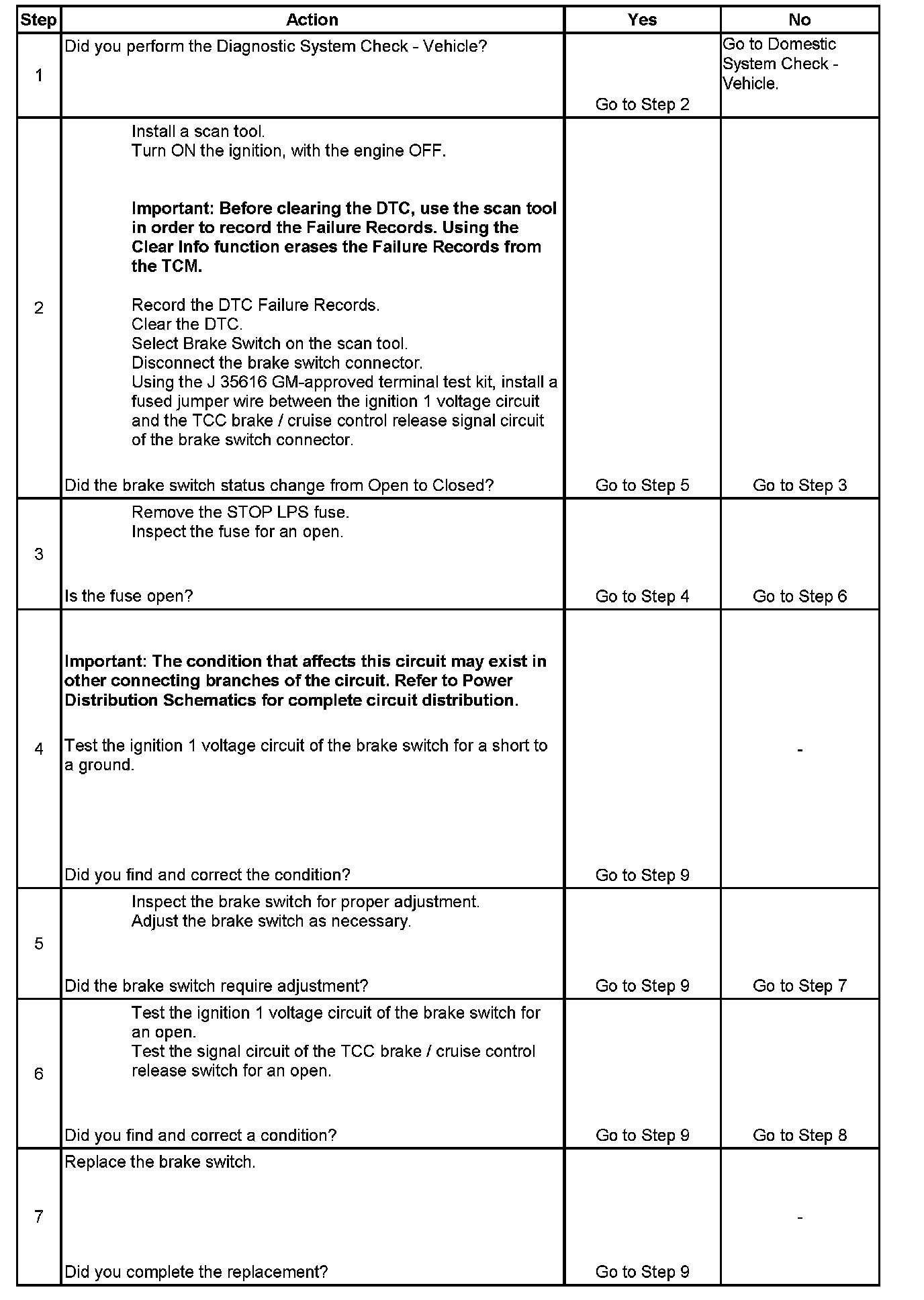 2. Disconnecting the brake switch connector jumping the circuit, and observing a status change, isolates the brake switch as the source of the DTC.
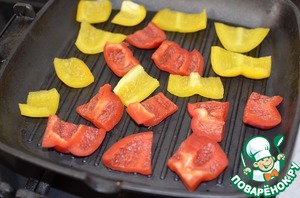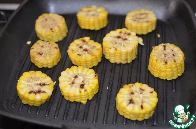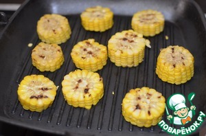 Порезать вареную кукурузу в початках, и так же обжарить на сковороде гриль.
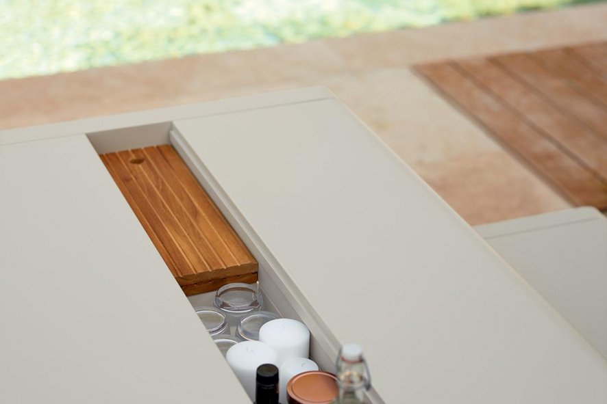 In het midden van de tafel is een opslagruimte (16,5 cm breed) gecreëerd die afgedekt wordt door 4 teakhouten afdekplanken.
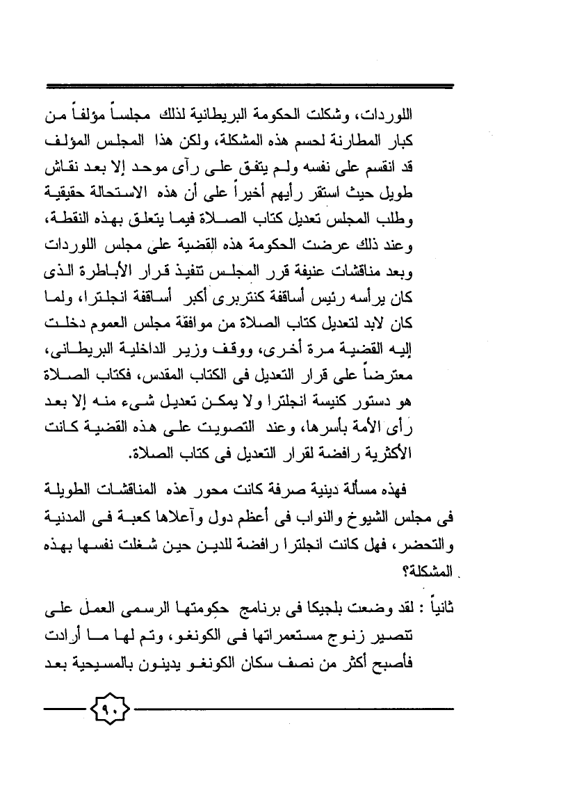 اللوردات، وشكلت الحكومة البريطانية لذلك مجلسا مؤلفا من كبار المطارنة؛ لحسم هذه المشكلة، ولكن هذا المجلس المؤلف قد انقسم على نفسه، ولم يتفق على رأي موحد إلا بعد نقاش طويل حيث استقر رأيهم أخيرا على أن هذه الاستحالة حقيقية، وطلب المجلس تعديل كتاب الصلاة فيما يتعلق بهذه النقطة، وعند ذلك عرضت الحكومة هذه القضية على مجلس اللوردات وبعد مناقشات عنيفة قرر المجلس تنفيذ قرار الأباطرة الذي كان يرأسه رئيس أساقفة كنتربري أكبر أساقفة انجلترا، ولما كان لا بد لتعديل كتاب الصلاة من مواقفة مجلس العموم دخلت إليه القضية مرة أخرى، ووقف وزير الداخلية البريطاني، معترضا على قرار التعديل في الكتاب المقدس، فكتاب الصلاة هو دستور كنيسة انجلترا ولا يمكن تعديل شيء منه إلا بعد رأي الأمة بأسرها، وعند التصويت على هذه القضية كانت الأكثرية رافضة لقرار التعديل في كتاب الصلاة.
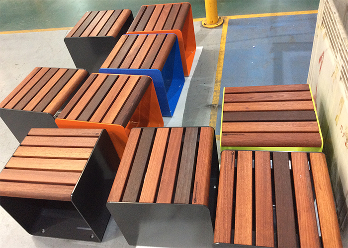 Modelled on the humble milk crate, the cubes invite students to move, sit and gather as they choose. Their timber detailing – Spotted Gum hardwood battens – matches the Spotted Gum deck in the main courtyard, reinforcing material continuity across the site.
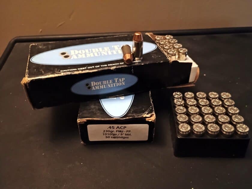 I have a total of 125 rounds of Doubletap ammo 45 ACP 230 grain fmj flat point rounds. These rounds are have an advertised velocity of 1010 feet per second. Doubletap sells these as dangerous game defense rounds for hiking in the woods etc. These are the older version of these rounds. The current version is advertised as 1000 feet per second are not loaded in nickel cases and sell for $25.90 for 20 rounds. I have two 50 round boxes and 25 rounds that are in an old Remington Golden Saber box. The rounds are all the same regardless of packaging.
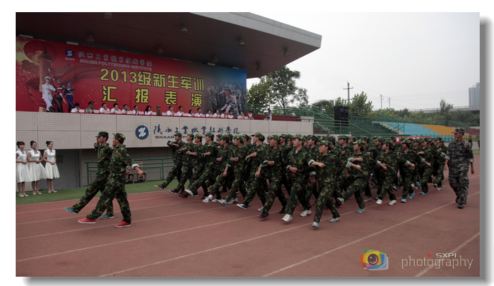 我院2013级新生进行军训汇报表演
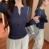 WTEMPO Dámská trička s dlouhým rukávem a kulatým výstřihem, slim střih, rodově modrá, šik pouliční móda, cool korejská jarní ležérní topy
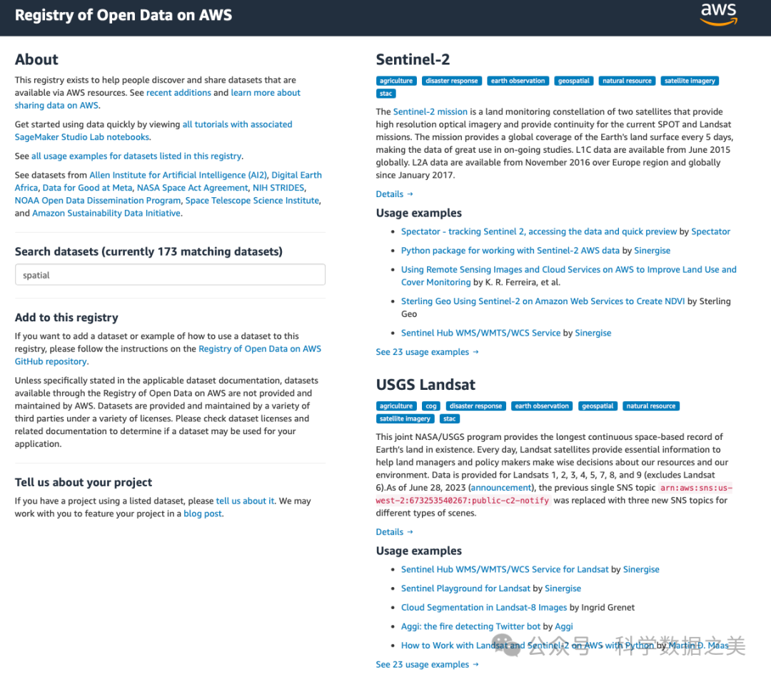 亚马逊AWS的开放数据计划通过AWS云计算基础设施托管关键的地理空间数据集,使公众能够免费访问和分析这些数据。 该项目目前托管了数百个数据集,涵盖地球观测、天气和气候、生命科学、政府数据等领域。

━━━━━━━━━━━━━━━━

▶ TRY IT:
Skip the pictures. Restate exactly the lines from the start of the entries through the line containing "In het midden", both ends included.

▶ ANSWER BOX:
 2. Disconnecting the brake switch connector jumping the circuit, and observing a status change, isolates the brake switch as the source of the DTC.
 Порезать вареную кукурузу в початках, и так же обжарить на сковороде гриль.
 In het midden van de tafel is een opslagruimte (16,5 cm breed) gecreëerd die afgedekt wordt door 4 teakhouten afdekplanken.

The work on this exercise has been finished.